Domain Name System (DNS)

By Oleksandr Andrushchenko — Published on Dec 22, 2025 — Modified on Jun 04

Domain Name System (DNS) is the distributed naming system that translates human-readable domain names into IP addresses used by computers and networks.

What Is DNS?
- Why DNS Exists
- DNS as a Distributed System
How DNS Resolution Works
DNS Record Types
TTL and DNS Caching
DNS Traffic Routing
DNS in Cloud Architectures
Common DNS Failure Modes
Security Considerations
Design Takeaways
Conclusion

What Is DNS?

DNS is a globally distributed system that maps names like example.com or api.example.com to network addresses such as IPv4 or IPv6 addresses. Without DNS, users would need to remember raw IP addresses instead of domain names.

In system design, DNS is often invisible until something breaks. It affects latency, availability, traffic routing, failover behavior, deployments, and security.

Why DNS Exists

Humans prefer names. Networks use addresses. DNS connects those two worlds.

For example, when a user opens:

https://api.example.com/users/123

the browser first needs to know which IP address belongs to api.example.com. DNS provides that answer.

After DNS resolution, the client can connect to the server, CDN, load balancer, or API gateway behind that domain.

DNS as a Distributed System

DNS is not one central database. It is distributed across recursive resolvers, root servers, TLD servers, authoritative name servers, caches, browsers, operating systems, and sometimes application runtimes.

This distributed design makes DNS scalable and resilient, but it also creates important trade-offs. DNS records are cached, updates are not always instant, and different users may temporarily receive different answers.

For example, during a blue-green deployment, some users may still resolve the old endpoint while others already resolve the new one. This is normal DNS behavior and must be considered during production changes.

How DNS Resolution Works

DNS resolution is the process of finding the IP address or target associated with a domain name.

Recursive Resolver

A recursive resolver is usually operated by an ISP, cloud provider, corporate network, or public DNS provider.
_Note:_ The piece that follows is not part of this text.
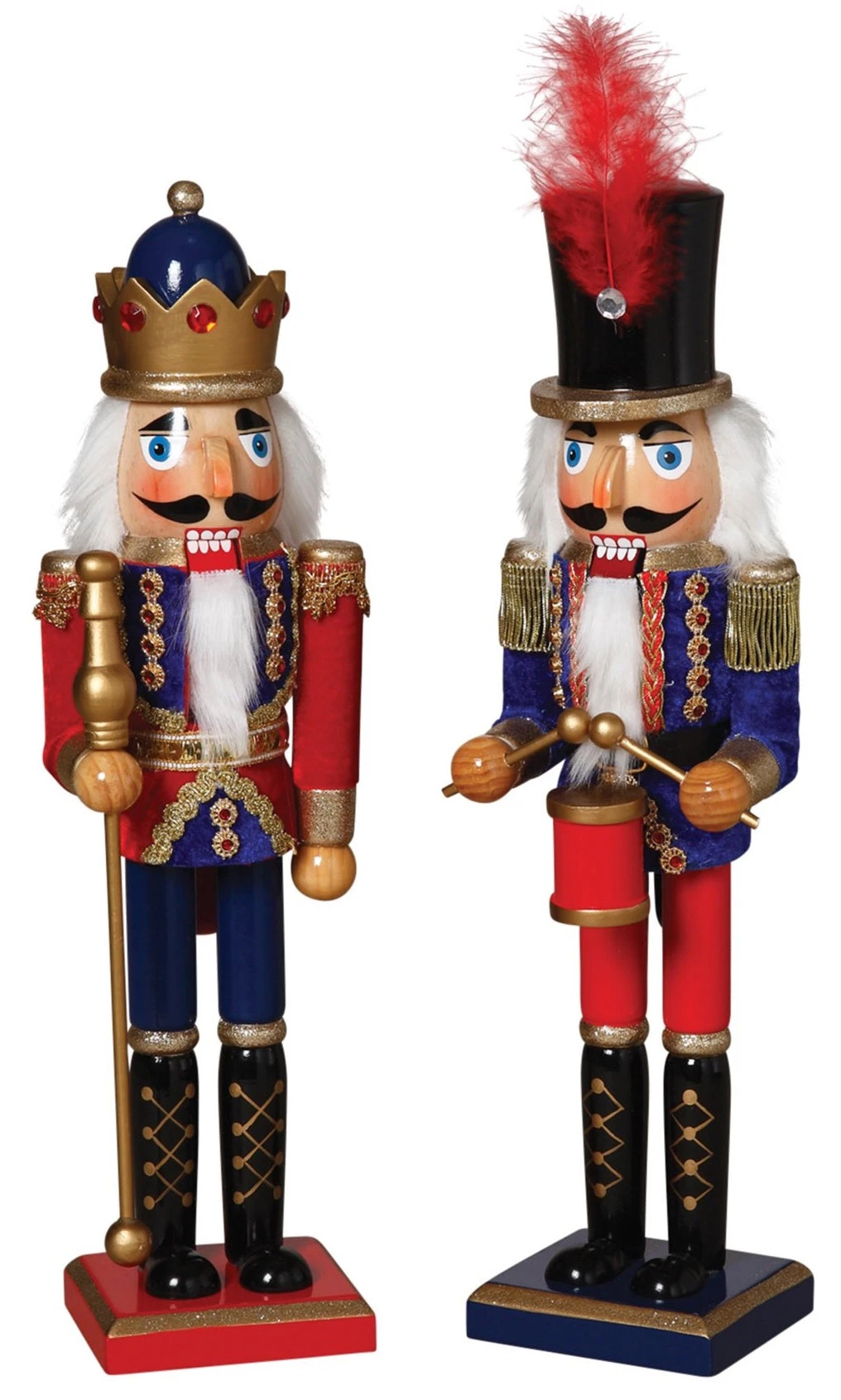 - One nutcracker is wearing a top hat, is holding a red snare drum and golden drumsticks and stands atop a blue and gold wooden base

When a client asks for api.example.com, the recursive resolver tries to find the answer and cache it.

If the resolver already has a valid cached answer, it returns it immediately. If not, it performs the lookup process by contacting other DNS servers.

Root, TLD, and Authoritative Servers

A full DNS lookup usually involves several layers:

Root servers know where to find top-level domain servers like .com, .org, or .net.
TLD servers know where to find authoritative name servers for a domain.
Authoritative name servers store the actual DNS records for the domain.

Client
  │
  ▼
Recursive Resolver
  │
  ▼
Root Server
  │
  ▼
.com TLD Server
  │
  ▼
Authoritative Name Server
  │
  ▼
IP address returned

Full Lookup Example

A lookup for api.example.com may look like this:

1. Browser asks OS: "What is api.example.com?"
2. OS asks recursive resolver.
3. Resolver checks cache.
4. If missing, resolver asks root server.
5. Root server points to .com TLD server.
6. TLD server points to example.com's authoritative name server.
7. Authoritative name server returns the record.
8. Resolver caches the answer.
9. Browser connects to the returned address.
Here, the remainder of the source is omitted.